Knowing this stuff is my job. I'm a research engineer at a place that builds ultrasonic tags for fish tracking. Everything is coated or potted in some form of plastic or resin - the material can't harm the fish that's being tagged, or harm the people on the production line who put them together. And the stuff can't take too long to cure or outgas, and it needs to have good electric/acoustic/water absorption properties... trying to get my head around all of these things at the same time is part of my job.

I'm secretly a dumbass though, I'm one of the most scatterbrained/oblivious people you'll ever meet. I'll drive to a store to pick up something important, and forget what it is the moment I walk in the door.
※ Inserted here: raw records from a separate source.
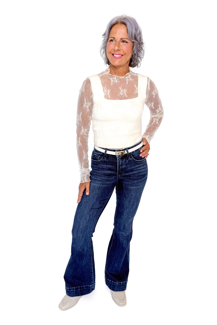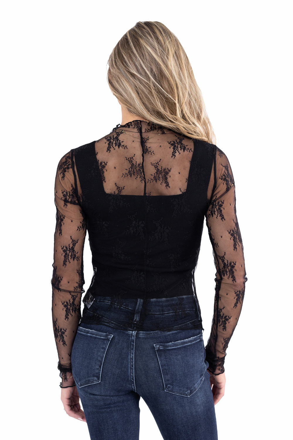 Women's Scalloped Sheer Lace Long Sleeve Top *Final Sale*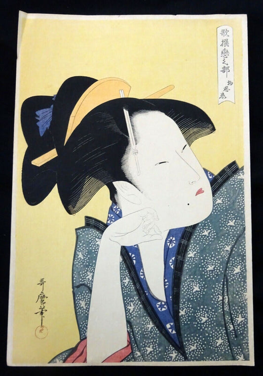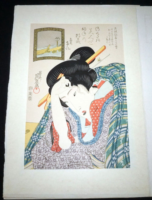 Vintage Japanese Woodblock Repro Print A Brooding Love by Kitagawa Utamaro (OdC)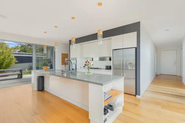 Designed with an emphasis on space, quality, and seamless entertaining, the heart of the home is an impressive open-plan living, dining, and central kitchen area. Water views create a spectacular backdrop, while stacker doors on both sides open effortlessly onto magnificent hardwood deck entertainment areas. This clever design allows you to perfectly follow the sun or seek shelter, ensuring year-round enjoyment. The chef's quality kitchen is a true centerpiece, featuring sleek stone wrap benchtops, a breakfast bar, gas cooktop, and a separate butler's pantry providing masses of storage.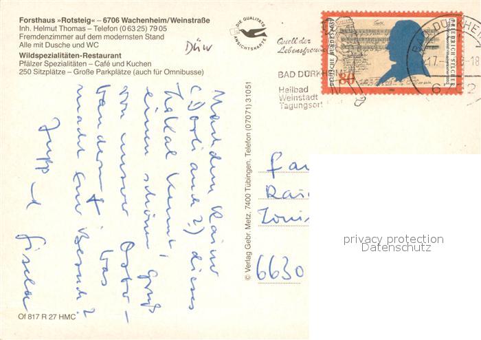 73745904 alte Postkarte Wachenheim Weinstrasse Forsthaus Rotsteig Wildspezialitaeten Restaurant Terrasse Gastraeume postalisch gelaufen Erhaltung siehe scans [FriedD77] KatCode: 11110007332046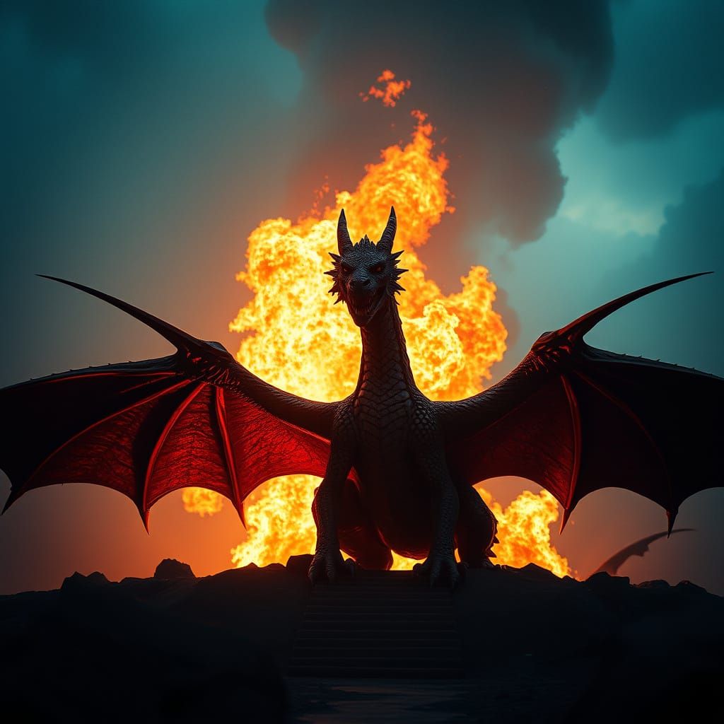 This image shows a formidable dragon dominating the scene amidst a fiery backdrop. The artwork features cinematic lighting, film grain and a vignette, with a color-graded, post-processed aesthetic reminiscent of fantasy art.

Then walk around the store until I remember what it was, then get distracted by something else I see and forget it again.


Fuck you. I want my clock case. ;)

Seriously though, get 'er done (as soon as you heal up) and post some pictures. We'll make millions of small fractions of dollars together.
Sounds pretty cool actually. Banking software is ridiculous boring stuff. The users fear change and it has to work 100% of the time. The only really nice part is all the random holidays.

Thank god that happens to other people too. My wife is always giving me a hard time because I will run out for 2 things and come back with a dozen things; none of which are what I went for in the first place. I love when simple tasks take 3x as long and cost 4x as much
 
Sounds pretty cool actually. Banking software is ridiculous boring stuff. The users fear change and it has to work 100% of the time. The only really nice part is all the random holidays.

Thank god that happens to other people too. My wife is always giving me a hard time because I will run out for 2 things and come back with a dozen things; none of which are what I went for in the first place. I love when simple tasks take 3x as long and cost 4x as much
Be glad you're designing software that "has to work", working for a company that appreciates quality of work, secure code, etc. is a great thing. Could be much worse - you could be programming for EA...
 
Be glad you're designing software that "has to work", working for a company that appreciates quality of work, secure code, etc. is a great thing. Could be much worse - you could be programming for EA...
I'm not designing persay, we take a base package from a vendor and I customize it for us. Being mission critical is a double edged sword though. Would be nice sometimes to not be front counter, especially when shit breaks.
 
Don't do RF anymore (that was my last job, spent 8 years designing AM/FM/etc radio transmitters) but I know a bit about it.

I think I remember pics from then of you driving to radio towers in the tundra in a pickup?
 
Can't remember that, but maybe - I've been to several radio sites, either professionally or doing ham radio work.